Как меня зовут? | страница 7
— Не хочу.
— Тогда твой ребенок проклят!
— Ваш Эдик тоже за вас?
— Нет, он импотент и дурак.
Она назвала мне одну старуху Е. Ж. Тр., с которой меня в моей ранней юности очень хотел познакомить мой друг-фотограф, но что-то отводило. Зоя сказала: эта старуха сейчас в Коктебеле, знает обо мне, ей сто лет, она рисует на солнцепеке и сожительствует с дочкой. Откуда у меня нашлись слова?
— Покайтесь, — сказала я ей. — Вы навсегда губите свою душу!

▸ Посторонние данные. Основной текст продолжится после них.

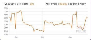 Далее рассмотрим хронологию перехода DeFi от зимнего хайпа к летнему. Хронология этого перехода представлена в виде серии слайд-шоу, отображающих динамику общей суммы заблокированных в DeFi средств, исчисляемых в USD, ETH и DAI (источник - сервис DefiPulse). DAI - это те самые фантики-"стейблкоины" DeFi-флагмана первой половины 2020 года MakerDAO, которые тот раздавал в обмен на "залог" криптовалюты, главным образом - на "залог" eth.
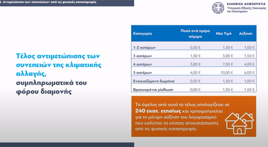 *Τέλος κλιματικής αλλαγής, συμπληρωματικό του τέλους διαμονής, και στις βραχυχρόνιες μισθώσεις, με όφελος 240 εκατ. ευρώ ετησίως.

На глазах у нее показались слезы.
— Мы уже не можем.
Мы с мужем собирали чемоданы, Зоя ворвалась в номер с ведром и тряпкой и стала мыть пол. В Москве в первую же ночь опять оковало. Бесы мстили мне за отказ быть с ними. Все мое тело пронзали раскаленные ножи. Я очнулась. На левой руке было ярко-красное большое пятно (к вечеру оно посинело).
В то же утро я пошла в ближнюю церковь Болгарское подворье. Состояние мое было ужасно, я знала, что больше такого не выдержу, умру от разрыва сердца. Крещение назначили только на вечер следующего дня. Ночью я почувствовала приближение дьявола. Я упала на колени, умоляя Бога не дать мне погибнуть. Я стала будить мужа. Он страшно закричал и очнулся.

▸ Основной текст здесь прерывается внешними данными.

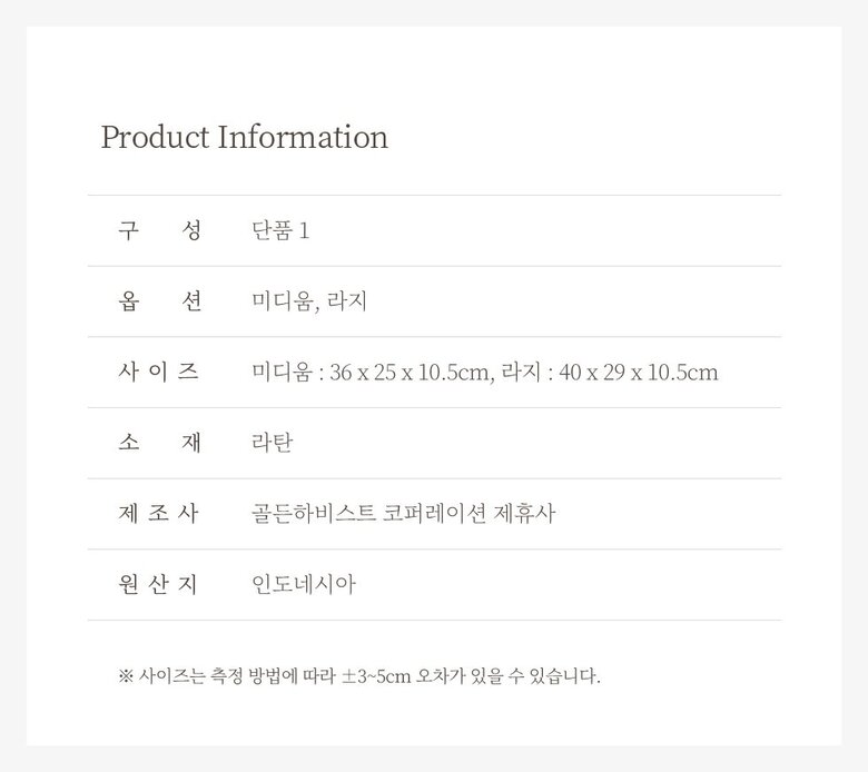 • 표시/광고와 상이, 제품 하자의 경우 수령 후 3개월 이내, 또는 그 사실을 안 날로부터 30일 이내 교환/반품 가능합니다.

— Бедненькая! Мне так тебя жалко. — Мать обняла ее. — Может, тебе нужно обследоваться? А этот… Володя твой… Ну тряпка!
— Но ты же сама сказала, в эту ночь, когда я чуть не погибла, тебе в окно ударила птица. Это была моя душа!
— Детка, у тебя не жар?
Владимир бесцветно отмалчивался. Церковь была ему душна. Зато рыбацкая простота Нового Завета (экземплярчик от западных акул) очаровала.

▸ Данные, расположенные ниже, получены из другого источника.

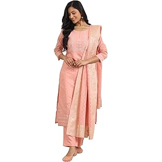 INDO ERA Women’s Pure Cotton Embroidered Straight Kurta Pant With Dupatta Set
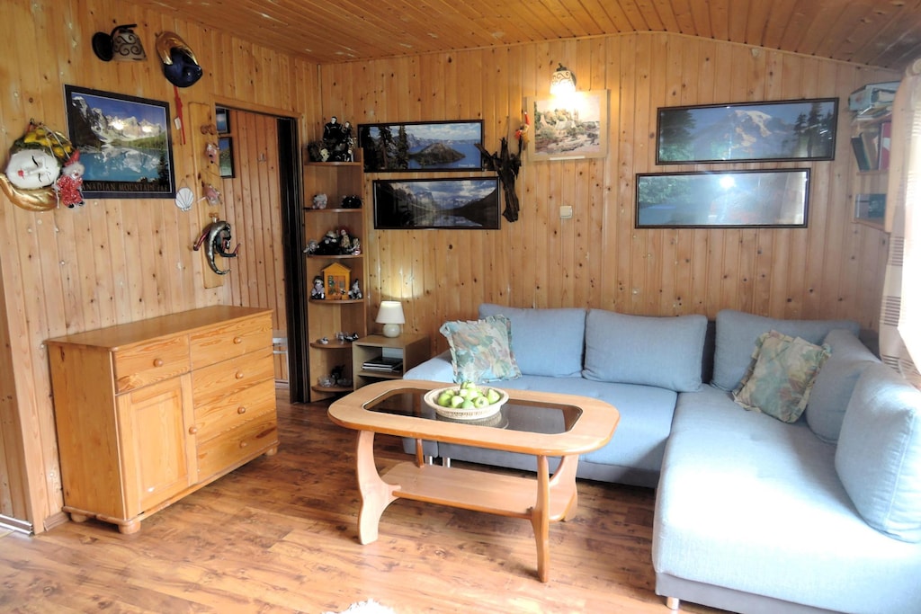 Very well-kept small bungalow with terrace and beautiful property; Here you can relax wonderfully in the fresh air. A comfortable seating area, which can be converted into a sofa bed if necessary, and a bedroom with two beds offer space for a total of four people.

Нина с той же страстью, с какой искала иностранца, захотела стать монахиней. Выстаивала литургию, утром и вечером твердя “молитвенное правило”, и отказала мужу в постели. Длилась эта женская стабильность не дольше месяца. Влиял подвернувшийся старец-катакомбник Марк, паучок-чернокнижник, клонивший всех к разводам, постригу и сластолюбиво исповедовавший “за всю жизнь”.
Осеняя сухой пятерней с живенькими колючками меж перстов, Марк сипел:
— Вижу князя темного на колеснице. В терниях червленых, в кимвалах бряцающих… Не тако буде, ох, не тако!
Князя тьмы нашел он в министре иностранных дел Громыко.
Володя был тряпкой, скоро намокающей слезливостью жены. Открывал и закрывал Евангелие, тыча медиумическим ногтем. “Кто из вас обличит меня в неправде?” — и над этим бликом по ряби, крепко-крепко, как на завалинке, призадумался.
Вот оно, над гладью морскою завибрировал голос декламатора:
— Кто из вас обличит меня в неправде?